THE GROWTH OF THE NORTHERN YAVAPAI PROVINCE: THE CASE FOR A RETREATING ACCRETIONARY OROGEN

Rocks of the northernmost Yavapai province, traditionally assigned to the Green Mountain arc, include two temporally and compositionally distinct, bimodal, igneous suites. Gabbroic rocks of the older (~1780-Ma) suite have the geochemical characteristics of arc magmas, consistent with previous interpretations of the coeval Green Mountain Formation volcanic rocks. Felsic intrusive rocks of this suite are mostly granodioritic and have geochemical characteristics of island-arc granitic rocks. Gabbroic rocks of the younger (~1763-Ma) bimodal suite are rich in Fe and incompatible trace-elements compared to the older gabbroic rocks and exhibit both arc-like and MORB/WPB-like geochemical characteristics.
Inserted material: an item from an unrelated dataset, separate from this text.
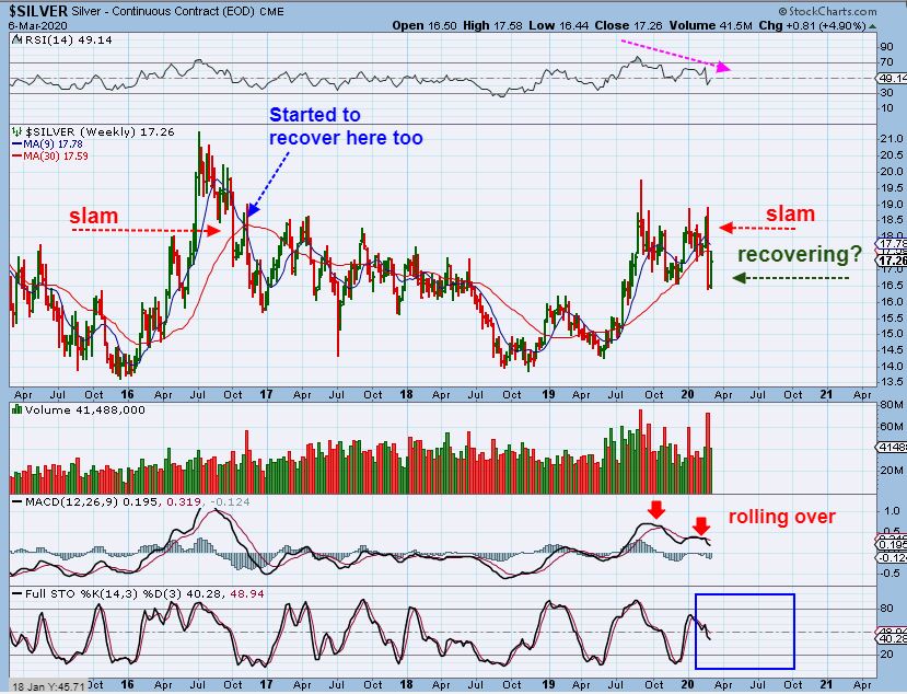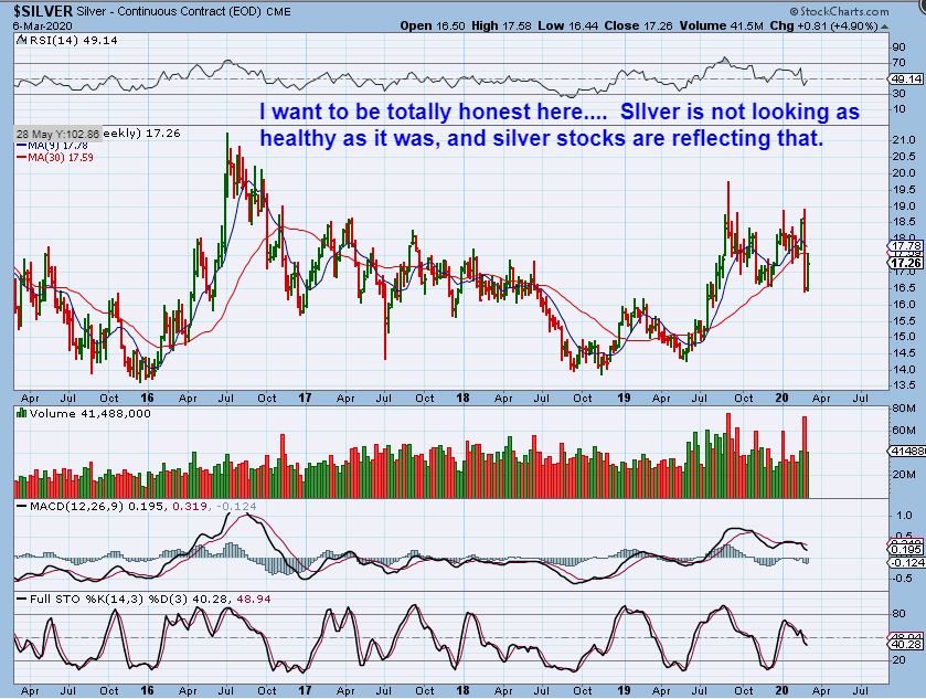 SILVER WEEKLY – I want to be honest , This leaves me unable to really ‘understand’ the sharp drop & therefore the future path of Silver. I feel like Silver flushed out & wants to rally, but silver stocks look weak. I also ask myself…

The felsic rocks of this suite (including the Sierra Madre Granite) have the geochemical signatures of within-plate granites. Both intrusive suites were deformed by a major shortening event at ~1750 Ma, which juxtaposed them against the Archean Wyoming province along the Cheyenne belt. The 1780-Ma bimodal suite is interpreted as reflecting island-arc magmatism, whereas the younger suite is interpreted as having an extensional origin, possibly reflecting the rifting of the 1780-Ma arc to form a back-arc basin. The 1750-Ma shortening event has no obvious proximal cause and is interpreted to reflect far-field effects of tectonic activity to the south (present coordinates).

Correlating geologic events from the Cheyenne belt region and central Colorado shows that the ~1763-Ma extensional event is coeval with both Dubois magmatism and extensive fine-grained sedimentation in north-central Colorado, possibly reflecting slab rollback and the formation of a back-arc basin related to a Dubois arc. The ~1750-Ma contractional event coincides with the end of Dubois magmatism suggesting a genetic link such as slab shallowing. The end of contraction corresponds to the onset of Cochetopa magmatism. It is suggested that the northern Yavapai province formed as a result of cycles of convergence and extension within an environment of continuous subduction. Key implications of this hypothesis are that: (1) exposed “arcs” may be rifted fragments, not individual arcs; (2) extensional magmatism played a volumetrically major role in crustal growth; and (3) arc-arc collisional sutures may not exist within the province.